Despite what market analysts, media mavens, and government officials may assert, from an investment standpoint, the price action in the bond market can only be defined as “THEY’VE LOST CONTROL!!”
Who’s they? Bernanke, Geithner, Summers, Obama, and team. How so? The weight of the massive deficit spending along with the embedded costs of the Fed’s quantitative easing program are pressuring the bond market and driving interest rates dramatically higher. (10yr U.S. Treasury moved higher by almost 20 basis points today to 3.75%, a full 55 basis points higher over the last week. This is an ENORMOUS move.)
The knock on effect is increased anxiety in the equity markets (down 2% today) and a highly likely further slowing in the economy. I am not surprised. Given the programs and approach put forth by Obama, along with the economic turmoil, there was little doubt we would experience very high levels of deficit spending. Prior to the inauguration (January 4th to be precise), I surmised:
I also believe that despite the Fed and Treasury purchasing government and mortgage debt, these rates will end up much higher at the end of this year than they are now simply due to the growing deficit. A move higher in these rates will potentially cause further anguish within the equity markets.
I have tried to proactively highlight why I thought the government bond bubble was bursting (Is The Government Bond Bubble Getting Ready To Burst?) and just yesterday broached the negative impact on interest rates of all the mortgage refinancing activity (Mortgage Refi Activity Is Driving Rates Higher).
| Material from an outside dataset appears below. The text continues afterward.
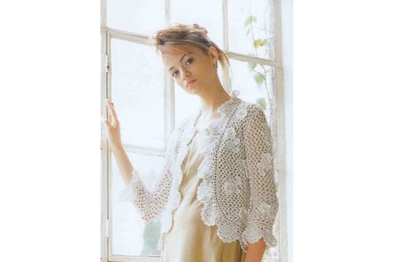Ажурный нарядный жакет связан из белоснежной пряжи крючком и украшен мотивами ирландского кружева.

For those involved in trading or investing, successful calls are measured by direction, magnitude, and time. This call on rates has been a fairly patient development, but given the dramatic shift higher in rates over the last week, the implications of this move can now be embraced. Those implications include a revaluation of the equity markets (lower) and the economy (forestalled recovery). Beware of people who discount this move in interest rates. The fact is it has more to run. In my opinion, the move higher in rates is not only a reflection of the supply of bonds (both government and mortgage) but also an indication of further deterioration in our currency precipitating inflation.
Can the Federal Reserve do anything to defend the currency? Increase short term interest rates. Does anybody think our economy can afford an increase in short term rates at this juncture? NO WAY! There truly is very little the Fed or Treasury can do at this juncture. Thus, in my opinion, they’ve truly lost control as “the wheels have come off the bus.” Welcome to the Brave New World of the Uncle Sam economy 2009.